Before Baking: Crisp and sweet, that's the name of the game with Orins. True to form, this was a refreshing apple.

After Baking: Sweeter than tart, but still well-balanced: Just as it is for eating, the balance of flavors was spot-on. It scored the highest of all the apples on the "appley" scale and had the same outstanding texture of the russet: firm, yet just soft enough to have relinquished itself to the pie.


Like the Jonagold, this apple descends from the Golden Delicious variety, this time crossed with Kidd's Orange Red. It is sweet and mild, and extensively cultivated.

Before Baking: Not the crispest of apples, though certainly pleasant, I've bitten into better apples. The flavor was good, though, and quite sweet.

After Baking: Like the Orin, this apple is on the sweeter side, but not overly so.
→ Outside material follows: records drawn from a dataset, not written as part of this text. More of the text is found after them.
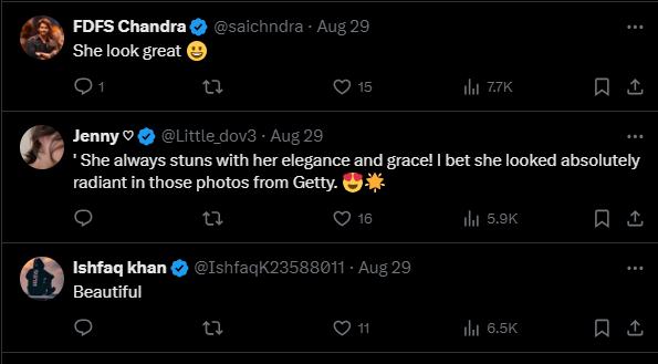 وسرعان ما تركت الجميع، واتجهت إليه وانحنت ووضعت يدها بلطف على كتفه وتحدثت معه، في لفتة إنسانية ما جعلتها حديث المهرجان ورواد مواقع التواصل الاجتماعي، وانتشرت الصور على نطاق واسع وانهالت التعليقات الإيجابية التي جاءت كالآتي، "إنسانة بمعني الكلمة"، "أنجلينا لديها مواقع إنسانية لا تعد"، "دائمًا تخطف الأنظار بإنسانيتها ما أجملها"، " تبهرنا دائمًا بأناقتها ونعمتها وإنسانيتها"، "ملكة جمال الأرض أنجلينا جولي"، "إنها تبدو جميلة كما هو الحال دائمًا"، "مواقفها الإنسانية جميلة كعادتها"، "أنجلينا تحمل معاني كثيرة من الإنسانية"، "اتمني أن يكون الجميع مثلها"، "أنجلينا المعني الحقيقي للكمال أشكرك على منحه كل الاحترام الذي يستحقه"، "لديها قلب جميل مثلها"، "فنانة القلوب والإنسانية".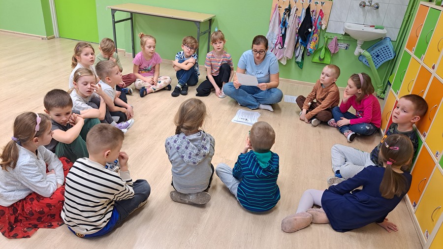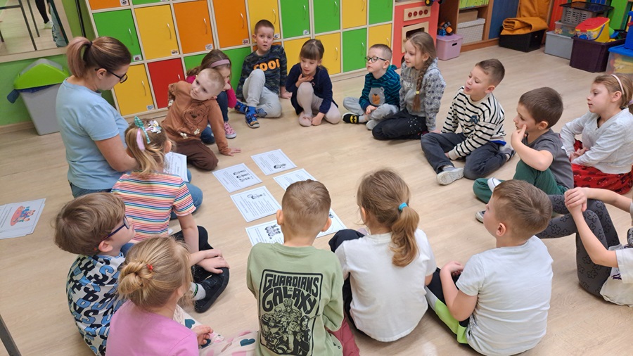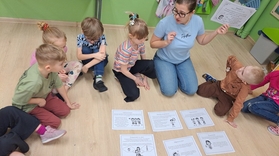 Przedszkolaki podczas zajęć edukacyjnych poznały zasady zdrowego korzystania z elektroniki. Dzięki zabawom dzieci dowiedziały się jak bezpiecznie korzystać i wybierać gry oraz bajki dostosowane do ich wieku.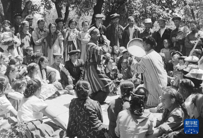 1963年,在伊犁哈薩克自治州伊寧縣,各族人民一起歡慶豐收。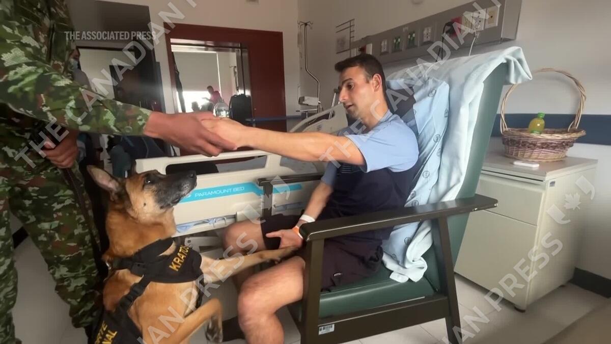 At the Central Military Hospital in Bogota, an unusual unit paw-trols the hallways with a mission unlike any other battalion: lifting the spirits of soldiers wounded in combat. (AP/ Marko Alvarez)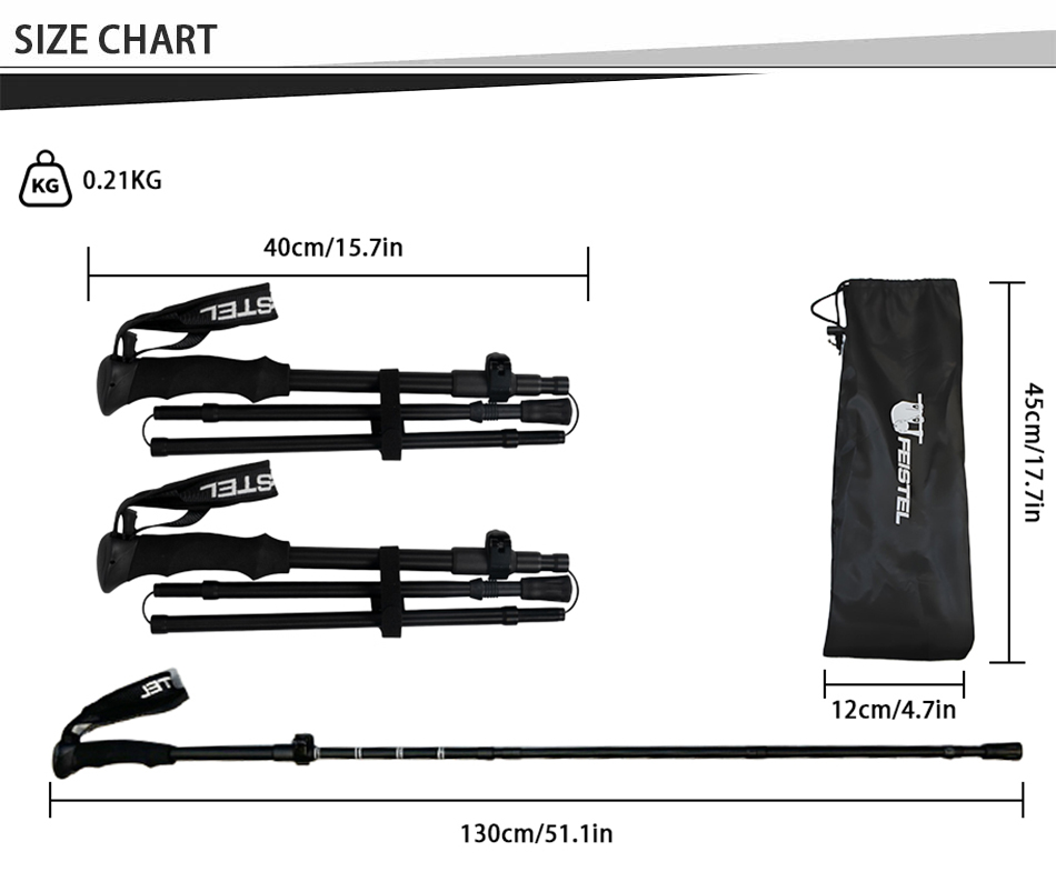 Marke : ANHUI FEISTELFABRIK Relate Manufacturing : OEM & ODM Produkt : Die ultraleichten, multifunktionalen, faltbaren Wanderstöcke aus Aluminium 7075 zeichnen sich durch eine robuste Konstruktion, komfortable EVA-Griffe und kompakte Transportierbarkeit aus und bieten zuverlässige Unterstützung beim Wandern, Klettern, Trekking und bei alltäglichen Spaziergängen.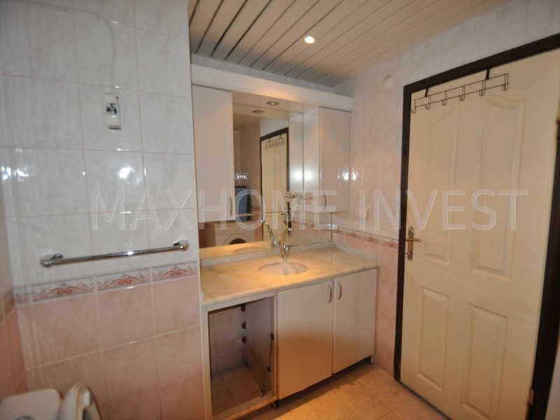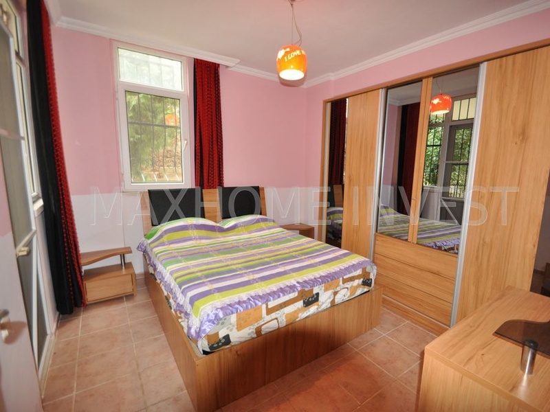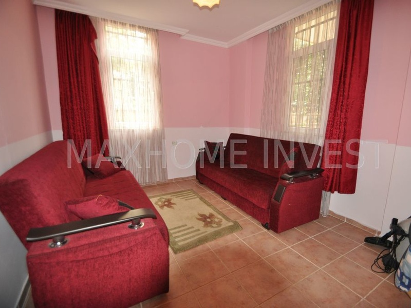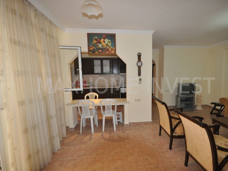 Квартира 2+1, об. площадь 95 кв.м. на первом этаже, две спальни, ванная, дополнительный санузел, выход в сад из гостиной комнаты. На всех окнах установлены решетки. Дом 2004 года постройки, большой сад на огороженной территории дома, бассейн, генератор, консьерж, расстояние до моря 70 метров. В пешей доступности магазины, кафе, рынок и прочая инфраструктура.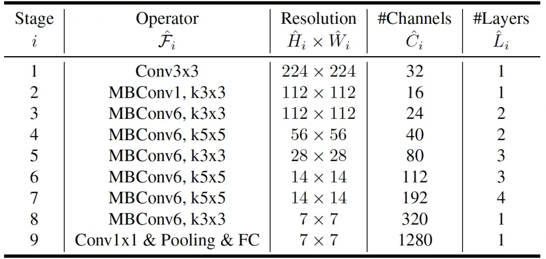 以上决定了一个 block 的结构,其中,ConvOp、Kernel Size、SE ratio、SkipOp 和 Fi 决定了一个 layer 的结构,Ni 决定了 layer 重复的数量。图 5 中,block 4 的每个layer 有一个倒置的瓶颈 5x5 卷积层、恒等残差,这样的 layer 重复了 N4 次。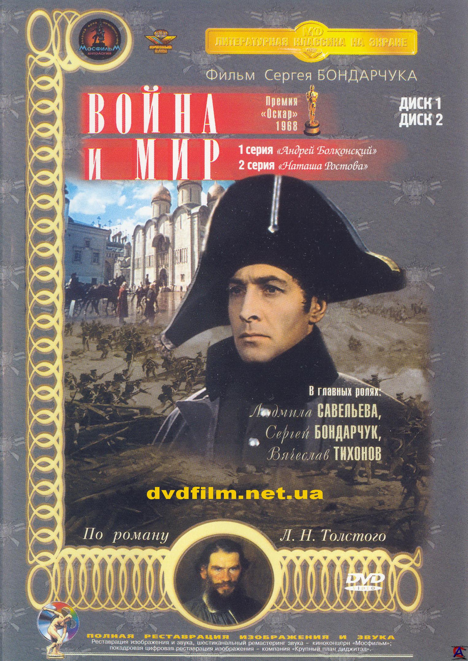 Качество: ТВ-рип. Жанр: мелодрама, драма, военный, история, Перевод: не требуется. Премьера в мире: 28 апреля 1968 Продолжительность: 373 мин. Информация о фильме: Эпическое кинополотно известнейшего советского кинорежиссера Сергея Бондарчука по роману Льва Толстого «Война и мир», с участием всех звезд советского кинематографа. Взято с kinopoisk.ru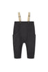 Black dungaree slacks with ivory and black striped suspenders. Feature adjustable straps, button front and side pockets. Made in a lightly padded fabric.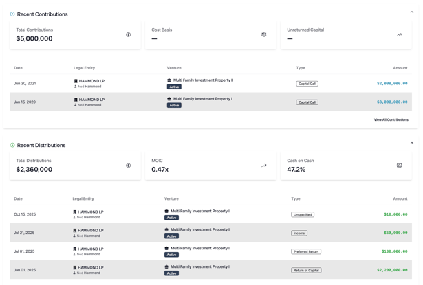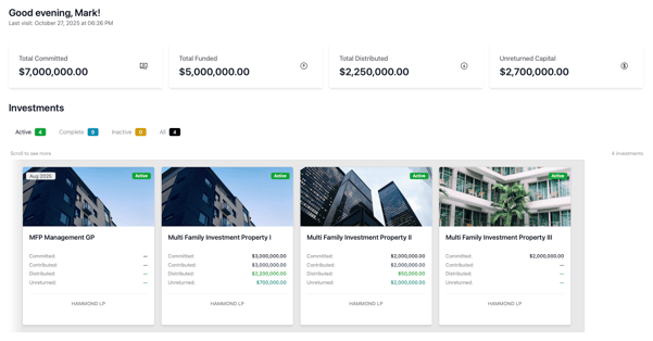 Example: An LP can log in and immediately see that $7M has been committed, $5M deployed, and $2.25M returned, across multiple real estate vehicles.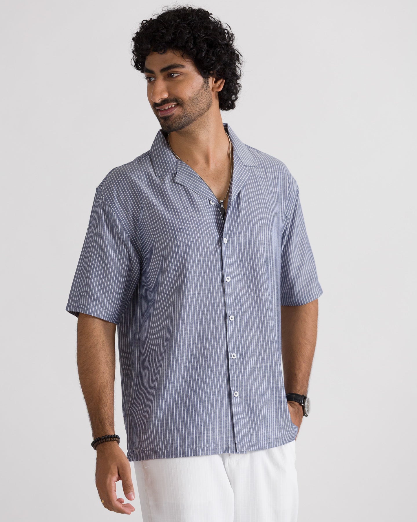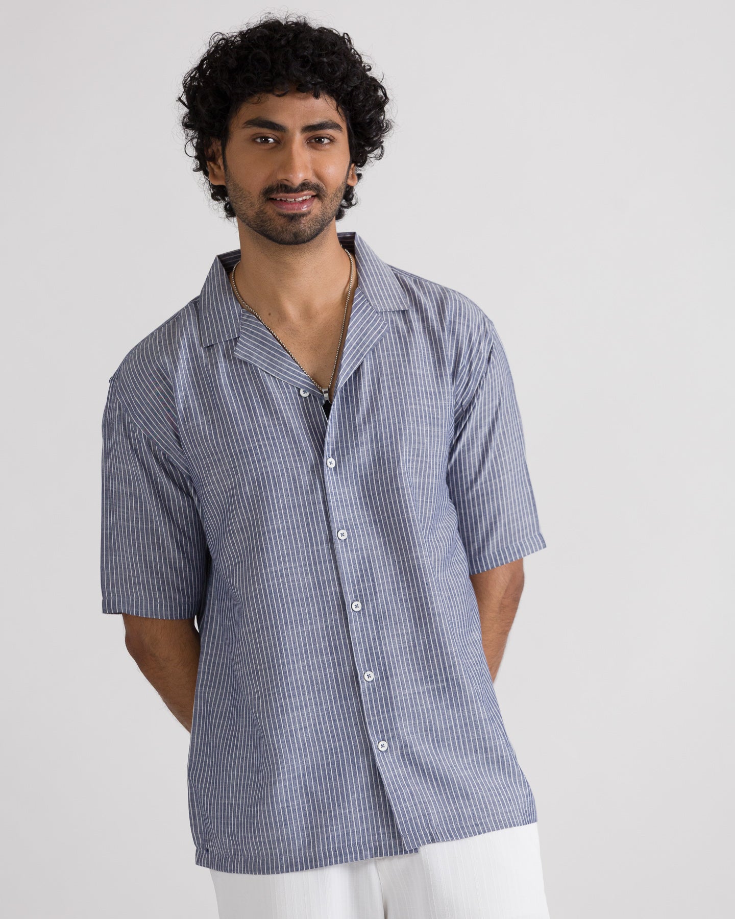 Men’s Graphic Back Printed Cuban Collar Shirt made from lightweight, breathable cotton fabric for superior comfort. Features a relaxed Cuban collar, stylish stripe pattern, and bold graphic back print for a modern streetwear look. Designed for summer wear, casual outings, and everyday styling with a soft, airy feel.

It had a marvelous texture after baking, perhaps the best. It held its form, but melted with one bite. And what's more, it's one of the most readily available varieties year-round.

Skip 'Em

Inevitably, a couple apples just didn't turn out. In both cases, it was mostly a texture issue, and for opposite reasons: While the Red Delicious baked into a mushy, overly-sweet mess, the Fuji was far too firm and didn't create the yielding filling everyone wants in a pie. Perhaps the Fuji would be better sautéed first for awhile so it could cook longer—an experiment for another time. Neither the Red Delicious or the Fuji had an overwhelmingly good apple flavor, either.



What makes a good apple pie apple? The two most important qualities are texture and good apple flavor, which I've learned since consuming more butter, flour, sugar, and apples than a man ought to in a two-day period. All three winners excelled in the texture department and had good honest apple flavor. Some were sweeter, some more tart. But that, to me, is more personal preference.

"If I were to make an apple pie tomorrow, I would go straight back to Russets and Orins."

This experiment could hardly be called conclusive since there are so many more apple varieties to try that (for example, this survey left out Granny Smith apples, which are very tart and supposedly excellent for baking), but I feel that some good work was done nonetheless. If I were to make an apple pie tomorrow, I would go straight back to Russets and Orins, using both in a single pie to bring both the tart and sweet into a single batch (I'm a big believer in hybrid vigor).

But if my options were more limited and I only had one choice, the Gala is a very respectable baking apple. It's available most everywhere and has great texture, flavor, and is fairly priced.

Serious Eaters, what are your favorite baking apples?